MITTAL STEEL AUDIT COMMITTEE
The primary function of the Mittal Steel Audit Committee is to assist Mittal Steel's Board of Directors in fulfilling its oversight responsibilities by reviewing: the financial reports and other financial information provided by Mittal Steel to any governmental body or the public; Mittal Steel's system of internal control regarding finance, accounting, legal compliance and ethics that the management and Mittal Steel's Board of Directors have established and Mittal Steel's auditing, accounting and financial reporting processes generally.
The Audit Committee's primary duties and responsibilities are to serve as an independent and objective party to monitor Mittal Steel's financial reporting process and internal controls system; review and appraise the
audit efforts of Mittal Steel's independent accountants and internal auditing department; provide an open avenue of communication among the independent accountants, financial and senior management, the internal auditing department and Mittal Steel's Board of Directors. It is responsible for approving
the appointment and fees of the independent auditors. It is also responsible for monitoring the independence of the external auditors.
Audit Committee Members
The Audit Committee consists of three directors: Messrs. Narayanan Vaghul and Muni Krishna T. Reddy and Ambassador Andres Rozental, all of whom are independent under Mittal Steel's Corporate Governance guidelines, the New York Stock Exchange standards as well as the Dutch Corporate Governance Code.

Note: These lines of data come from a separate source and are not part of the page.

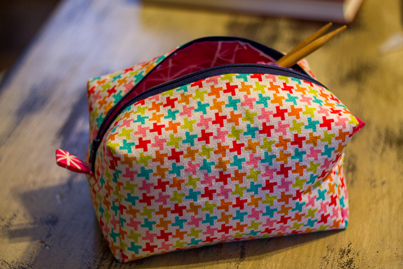 After my fun with knits during Kid’s Clothes Week, I promised myself that I would get my serger out and take that class ASAP! And this week (while my sewing machine was in the shop) was the assigned week. I just have a cheap serger (a Singer ProFinish that I got for my birthday 2 years ago) because I didn’t want to invest in a really nice one until I knew I would use it. I did, indeed, begin the class this week and am happy to report I completed my first project from the class. I think it turned out not-too-shabby… If I do say so myself. I’ve been wanting to make a boxed bag for a while and really love how easy it was. Can’t believe I made the entire thing with my serger! Also it turned out to be the perfect size for my latest knitting project- to be discussed later.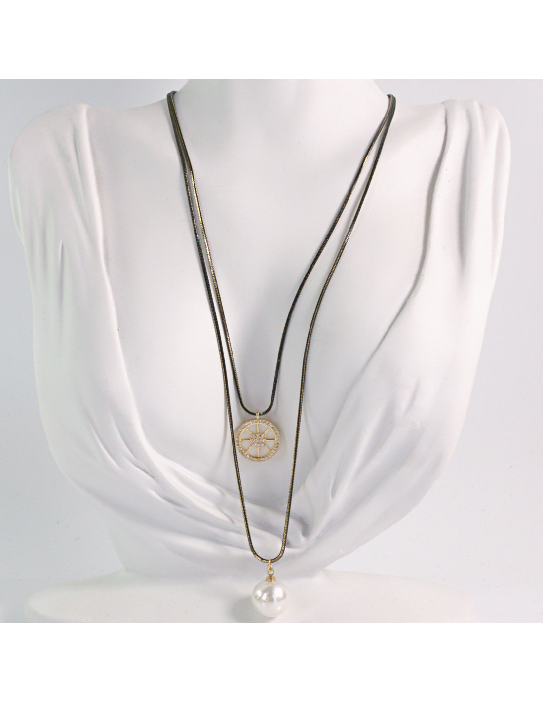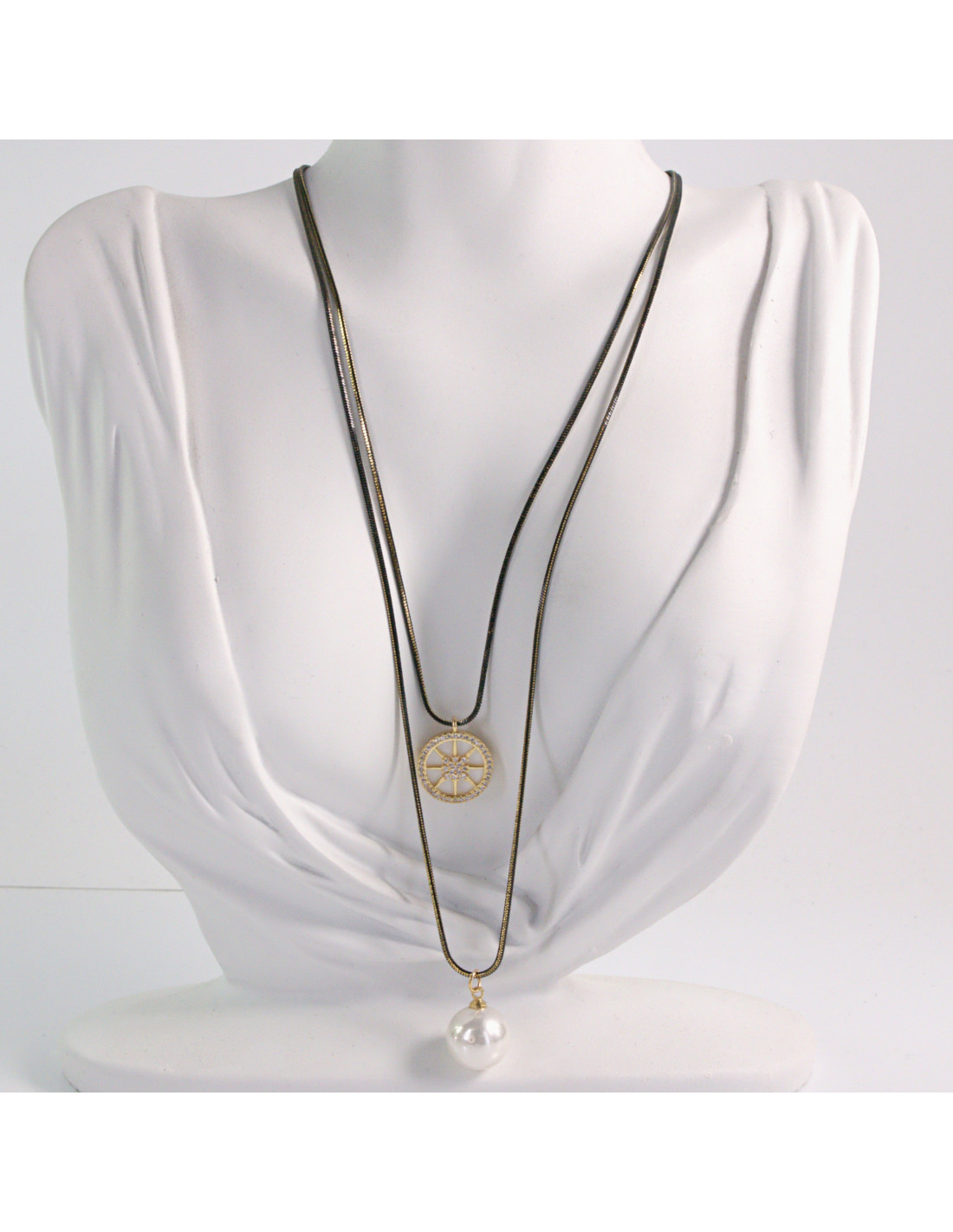 Naszyjnik PODWÓJNY WIECZOROWY z Perłą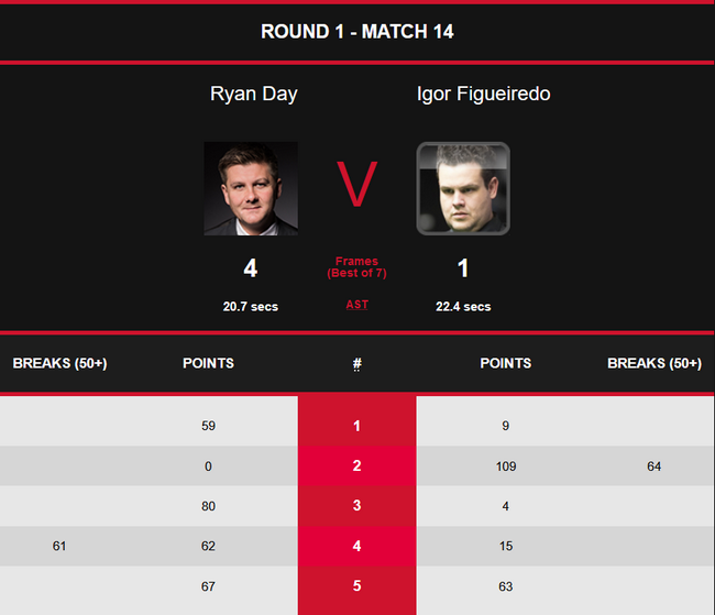首局比赛中,戴通过多次上手,以59-9先胜一局。第二局,菲格雷多打出单杆64分,以109(64)-0零封对手扳平局分。不过此后三局,瑞恩-戴没再给对手机会,分别以80-4、62(61)-15和67-63连胜三局,大比分4-1晋级资格赛第二轮。

The Chairman of the Audit Committee is Mr. Narayanan Vaghul, who has significant experience and financial expertise. Mr. Vaghul is the Chairman of ICICI Bank, a company that is listed on the New York Stock Exchange and the Mumbai Stock Exchange. Both Mr. Reddy and Ambassador Andres Rozental have considerable experience in managing companies' affairs.
Charter and Meetings
Mittal Steel's Audit Committee charter is available on Mittal Steel's website at http://www.mittalsteel.com. The Audit Committee, which is required to meet at least four times a year, met nine times during 2004. Of these meetings, six were physical meetings and three were teleconference meetings.
Process for Handling Complaints about Accounting Matters
As part of the procedures of Mittal Steel's Board of Directors for receiving and handling complaints or concerns about Mittal Steel's financial accounting, internal controls and auditing issues, Mittal Steel's Code of Business Conduct encourages all employees to bring such issues to the Audit Committee's attention. Concerns relating to accounting or auditing matters may be communicated through the Mittal Steel website at http://www.mittalsteel.com. Employees reported no significant complaints of this nature during 2004.
Internal Audit/ Internal Assurance
Mittal Steel has an Internal Audit function. The function is under the responsibility
of the Director -- Internal Assurance, who reports to the Audit Committee. The function is staffed by full time professional staff located at each of the principal operating subsidiaries and at the corporate level. Recommendations and matters relating to internal control and processes are made by the Internal Audit function, and their implementation is regularly reviewed by the Audit Committee.
External Auditors' Independence
The appointment and determination of fees of the external auditors is the direct responsibility of the Audit Committee. The Audit Committee is further responsible
for obtaining annually a written statement from the external auditors that their independence has not been impaired. Mittal Steel's current external auditors have informed Mittal Steel of their intention to rotate their lead and engagement partners in line with the new US regulatory requirements in 2004 and 2005, respectively. The Audit Committee has obtained a confirmation from the external auditors that none of their former employees are in a position with Mittal Steel, which may impair their independence.
MITTAL STEEL REMUNERATION COMMITTEE
Charter and Meetings
The Mittal Steel Remuneration Committee is comprised of three independent directors. The purpose of having a Remuneration Committee consisting exclusively of directors who are independent of management is to have members who are free of any business or other relationship, which could interfere with the exercise of their independent judgment. Mittal Steel's Board of Directors has established the Remuneration Committee to determine on their behalf and on behalf of the shareholders within agreed terms of reference, Mittal Steel's framework of remuneration and compensation, including stock options for executive members of Mittal Steel's Board of Directors, the Chief Financial Officers, and the Chief Executive Officers of operating subsidiaries and designated senior management at the corporate level. The Remuneration Committee is required to meet at least twice a year and met three times in 2004.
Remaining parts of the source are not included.